As shown in Fig. 12, the large spheroid phase is the residual MgSnSr phase in the alloy that experiences the solution treatment of 310 °C × 4 h + 340 °C × 28 h + 460 °C × 2 h. It has been reported that the appearance of the relatively high Sr content in the compound containing Mg and Sn may lead to the formation of the MgSnSr phase (Ref 14, 18). The dissolution of MgSnSr in the matrix is rather slow since the volume diffusion of Sn and Sr in Mg is involved. Moreover, the MgSnSr phase has a relatively high melting point and thus exhibits a relatively high thermal stability. Therefore, complete dissolution of MgSnSr in the matrix through the three-step solution heat treatment is rather difficult.
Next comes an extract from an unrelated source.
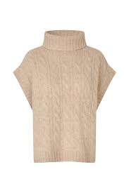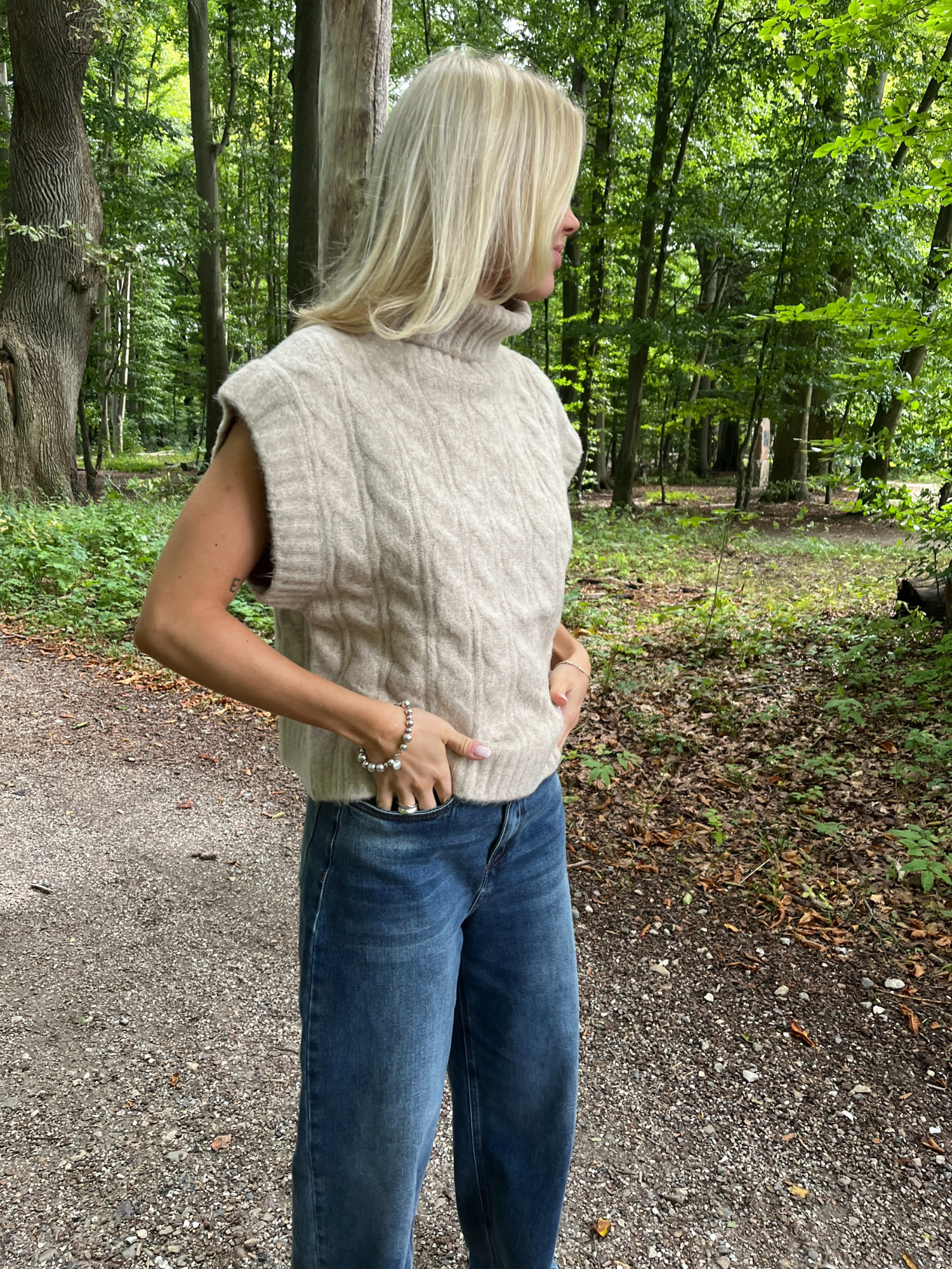 The Fresno vest is a soft knit with a classic cable pattern and a high neck. It features a relaxed fit with ribbed edges at the hem and armholes. The perfect layering piece for autumn looks.

However, the UTS and the Er of the alloy solution treated at 310 °C × 4 h + 340 °C × 28 h + 460 °C × 2 h are 238 MPa and 12%, respectively, which are 25 MPa and 2.4% higher than the as-cast alloy, respectively. The alloy solution treated at 310 °C × 4 h + 340 °C × 28 h + 460 °C × 2 h exhibits an improved combination of strength and ductility, which is associated with a fine grain size and the relatively uniform distribution of the residual second phases. It is reported that the Tx treatment offers an improved combination of strength and ductility for the AZ91D alloy (Ref 19). T _x is carried out at an intermediate temperature close to the solvus (370 °C) for a much shorter length of time, causing partial dissolution of the non-equilibrium β phase, breaking up the β network and thus resulting in a composite structure. The comparative study on mechanical properties of the aged state is being taken. Maybe, it can also provide a new heat treatment schedule to achieve an optimal combination of mechanical properties in the Mg-Zn-Sn alloys.

Conclusions

1. (1)

   The intermetallics along grain boundaries become finer with an increasing solution time from 0 to 6 h during the solution section of 420 °C, while those within grains become granular and rounder. A prolonged solution time is not desirable for the as-studied alloy.

2. (2)

   The intermetallics along grain boundaries become granular with an increasing solution temperature from 420 to 480 °C during the isochronic solution heat treatment of 2 h, while those within grains become fine dot-like. A higher solution temperature is beneficial to the dissolution of the high-melting point phases, i.e., Mg₂Sn and MgSnSr.

3. (3)

   The optimal solid solution condition for the Mg-4.5Zn-4.5Sn-2Al-0.6Sr alloy is 310 °C × 4 h + 340 °C × 28 h + 460 °C × 2 h since the dissolution of most intermetallics and no obvious grain growth are involved, and the alloy exhibits the highest strength and the best plasticity among all the solution-treated alloys. The UTS and the elongation to rupture of the solution-treated alloy are 238 MPa and 12%, respectively, about 25 MPa and 2.4% higher than the as-cast alloy respectively.

4. (4)

   The residual second phases after the optimal solution treatment are confirmed to be the Mg₂Sn phase and the MgSnSr phase with a relatively high thermal stability and exhibit a relatively uniform distribution in the matrix, contributing to the improved combination of strength and ductility.